If you are looking for additional capital from financial institutions or investors, you may need to undertake a fairly detailed financial analysis.
How can financial analysis help you manage your business more effectively? Are you sure that you're making the best use of all the information contained in quarterly or annual financial statements from your accountant?
Accountants and financial professionals have developed a systematic way of arranging and comparing the numbers on your financial statements to make sound business decisions. The following sections are some of the most commonly used tools for financial analysis:
Financial statements, including the income statement, balance sheet, statement of changes in financial position, and statement of changes in owners' equity, identify unfavorable trends and tendencies in your business' operations (e.g., the unhealthy buildup of inventory or accounts receivable), before the situation becomes critical. The statements will help you:
- Monitor your cash flow requirements on a timely basis, and identify financing needs early.
- Monitor important indicators of financial health such as liquidity ratios, efficiency ratios, profitability ratios, and solvency ratios.
- Monitor periodic increases and decreases in company wealth - owners' and/or stockholders' equity.
- Monitor your performance against your financial plan, if you have developed one.
Business ratios identify key relationships between financial data and allow you to monitor your liquidity, profitability, and efficiency. These ratios are simple to calculate; however, the ratios are powerful tools that allow you to immediately seize the relationship, such as debt over equity or inventory turnover.

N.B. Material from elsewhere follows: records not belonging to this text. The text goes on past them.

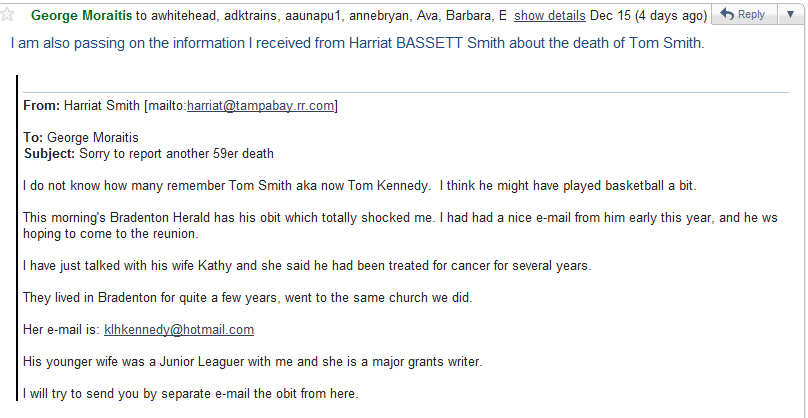 ![]() Carol ZIMMER Bellamy | Carol Zimmer Most of us remember Carol for her beauty, her athleticism as a cheerleader, as a fun girl, and a smart student. She was also highly analytical in her thinking. In her studies of her Christian Scientist faith in high school, she would read paragraphs of CS literature and try to explain it to me. When I spent the night on Saturdays, I always went to her church with her family. Carol went to Principia, a Christian Science college in St. Louis, for her freshman year. She found it limiting in scope and longed for the big, more exciting experience at Univ. of Florida. As a cheerleader there, her future husband Ray Bellamy, a medical student, spotted her in the stadium and vowed to woo her. I was the only attendant in their wedding in Ft. Lauderdale. Shortly after that, they moved to various cities as Dr. Ray went through his trainings. First city might have been San Francisco which they loved, but felt hard pressed financially to partake of the pleasures offered. My memory is that they used to play cards with Lyn Chaffee and Dick Roberts who were there also. Carol went to work, an endeavor that Ray always encouraged. It was not until Carol's cancer appeared many years later that I learned that she had undergone surgery for ovarian cancer as a very young woman in San Francisco. Ray called Carol's mom, a Christian Science reader, and explained that Carol needed surgery immediately and that was how it was going to be. Later when she and Ray lived in Louisville, they adopted a boy and then a girl. (This son eventually went into Orthopedic Surgery like his dad.) When they had a chance to 'settle down' Ray chose to start his practice in Tallahassee. There was a building at FSU named Bellamy Hall for one of Ray's ancestors. During this time, Carol took her intellectualism, analytical ability, and passion for causes to law school at FSU. As she told it, one of the impediments of going to law school was her concern of how she could get up to go to class and still cook breakfast for the family. (Carol's parents were makers of large breakfasts.) Ray stepped up and volunteered to do it himself. When Carol was in law school, she was fascinated in studying the law and how it applied to 'how we came to be where we are today.' Not having time to send out Christmas cards in December one year, she was the first one I knew to mail New Year's cards of the same variety. (I've since adopted this practice as needed.) A few of the cards showed photos of ski trips and also a vacation beach home that they owned elsewhere in FL. She was passionate about certain causes including civil rights and the environment. Once I visited her home in Tallahassee and noticed that she did not seem to use the air conditioning. It was hot! She explained that they only ran it when they were out of town to prevent mold. Carol entered politics at the local level and eventually was elected Mayor of Tallahassee. Certain classmates have remarked seeing her big photo and 'Welcome to Tallahassee' sign in the airport there. Once Carol and her children came to visit me in Cincinnati for the day as she was in nearby Indianapolis attending a national level meeting for mayors. She and my sons and I had a lot of fun at the Cincinnati Zoo for the day. Ray Bellamy was a varsity tennis player at Florida and played in tournaments all around as an adult. Not at all intimidated, Carol took up tennis. In fact, at our 1989 reunion at the Lago Mar, she declined to go deep sea fishing with Ray and their son and my sons and me, choosing to stay back to be able to play tennis with classmates. By this time, her cancer had returned. I last saw Carol some months before she died when she was at home undergoing treatments. She was extremely thin, but was up and around and dressed, all covered up in knee socks and long sleeves.. She had declined to go out to lunch, not knowing what she would be able to eat, but asked that I bring a sandwich with me so that we could have a 'picnic.' She said that the hardest part of her illness was in relationship to her children. She wrote each of them letters to be read after her death. I still admire her and miss her. Bonnie Linane Stowell |
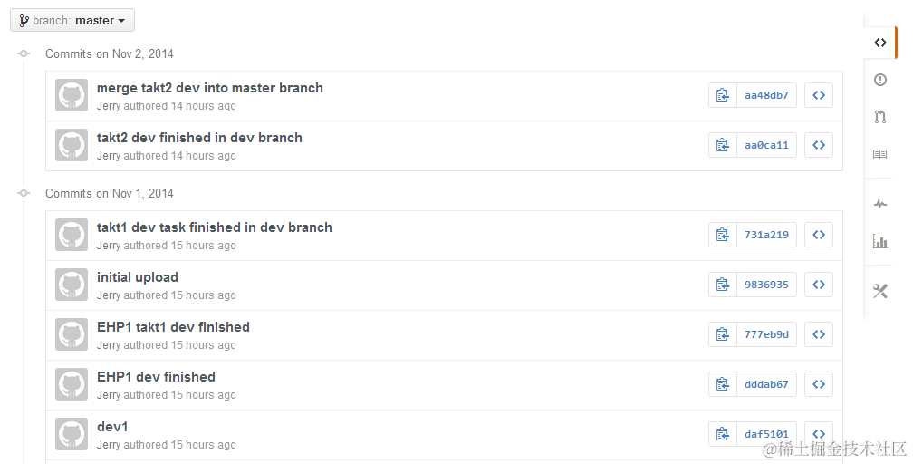 By clicking the “32 commits” we could have a detail review about each commit in github:
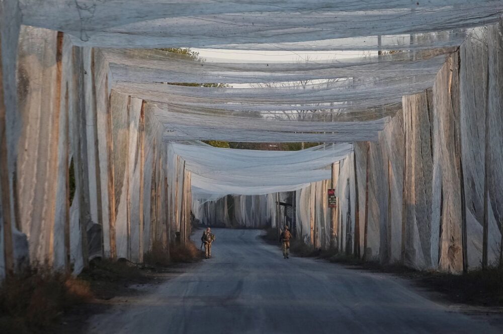 Argazkia: Droneen aurkako sareak Ukrainaren menpeko Donetsk-eko errepide batean. A. Stepanov / Reuters
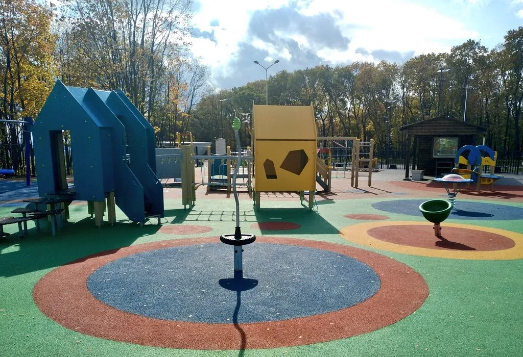 Сообщается, что на территории уложено специальное покрытие, которое подойдет малышам на колясках. Кроме того, здесь уже появились специальные широкие качели.
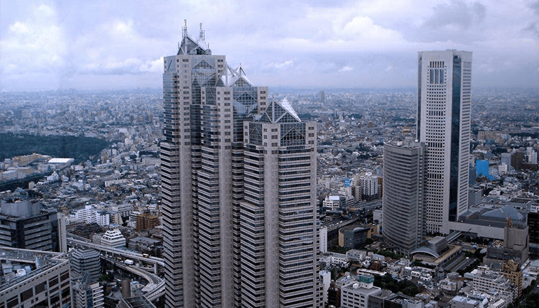 都厅大厦与东京新都厅是两栋相连的 45层摩天大楼,高 202米,东京都政府所在地,也是新宿的地标建筑之一。登上可瞰俯东京全景。
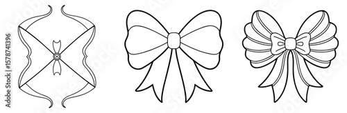Vintage Bow Outline - Coloring Book Page Line Art Vector
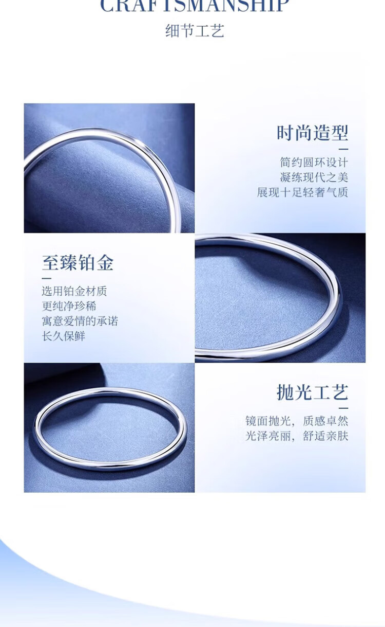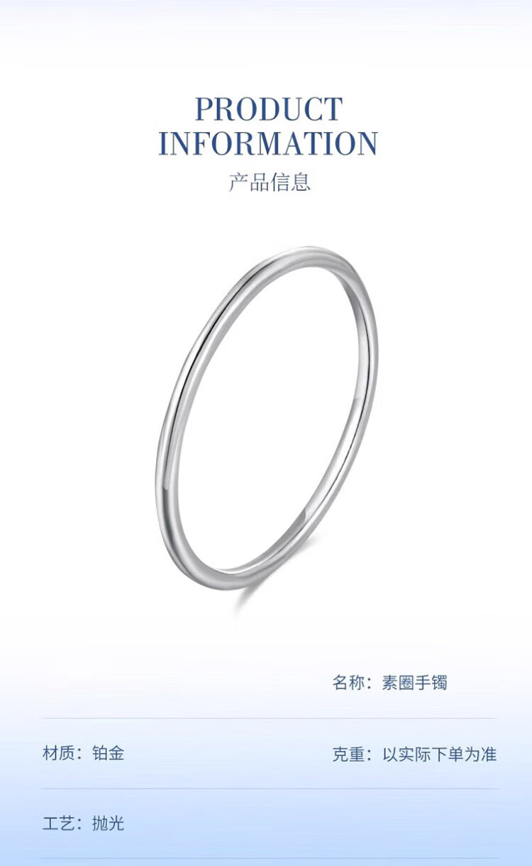 Shanmeifu platinum bracelet for women pt950 pure platinum solid platinum bracelet smooth plain ring round bracelet customized ring number 50-64 optional 100 grams 7-10 days delivery
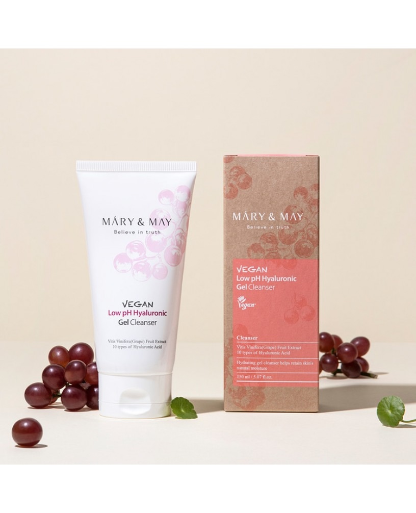 Гель для умывания веганский слабокислотный Mary&May Vegan Low pH Hyaluronic Gel to Foam Cleanser- деликатное средство для очищения любого типа кожи, которое понравится обладателям чувствительной, сухой и обезвоженной кожи. Обеспечивает мягкое очищение, не пересушивая, не вызывая чувство сухости и стянутости. В основе состава 10 видов разномолекулярной гиалуроновой кислоты, бета-глюкан и центелла азиатская. В результате гель не провоцирует покраснения и раздражения, способствует уменьшению покраснению и раздражений во время очищения. Оставляет после себя ощущение чистоты и свежести.
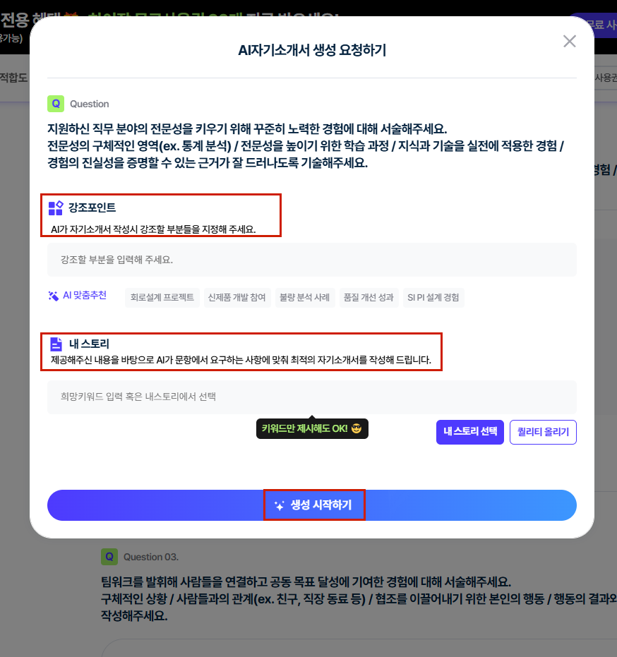 4️⃣강조 포인트와 내 스토리 선택하면, 'SK하이닉스 맞춤 자소서' 완성! (▶SK하이닉스 자소서 쓰기)
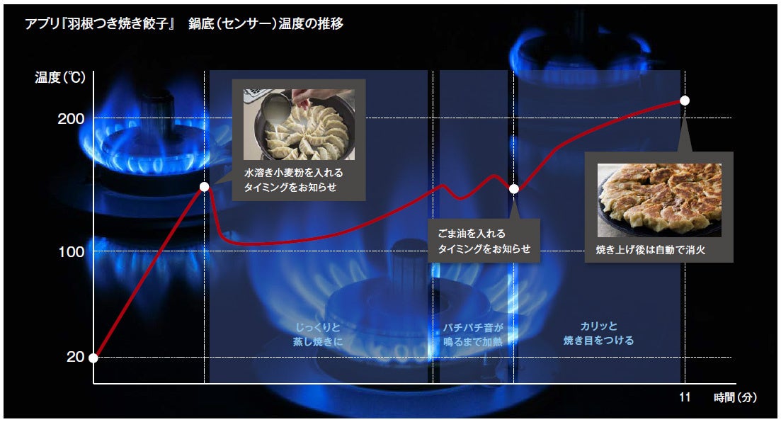 羽根つき焼き餃子の場合、食材や調味料を投入するタイミングを音声でお知らせするとともに、蒸し焼き、焼き付けなどの調理工程に合わせて自動で火力を調節します。さらに、加熱が終われば自動で消火してお知らせするので安心して調理を行えます。

In addition, you can assess the performance of your business over time, compare your business to others in the same industry, or compare your business to others of a similar size when you calculate a group of ratios at the end of every accounting period. Banks use business ratios to evaluate businesses that apply for loans by comparing the businesses' numbers with that of their industries and business sizes. Creditors, to determine whether or not to extend credit to you, could also use business ratios.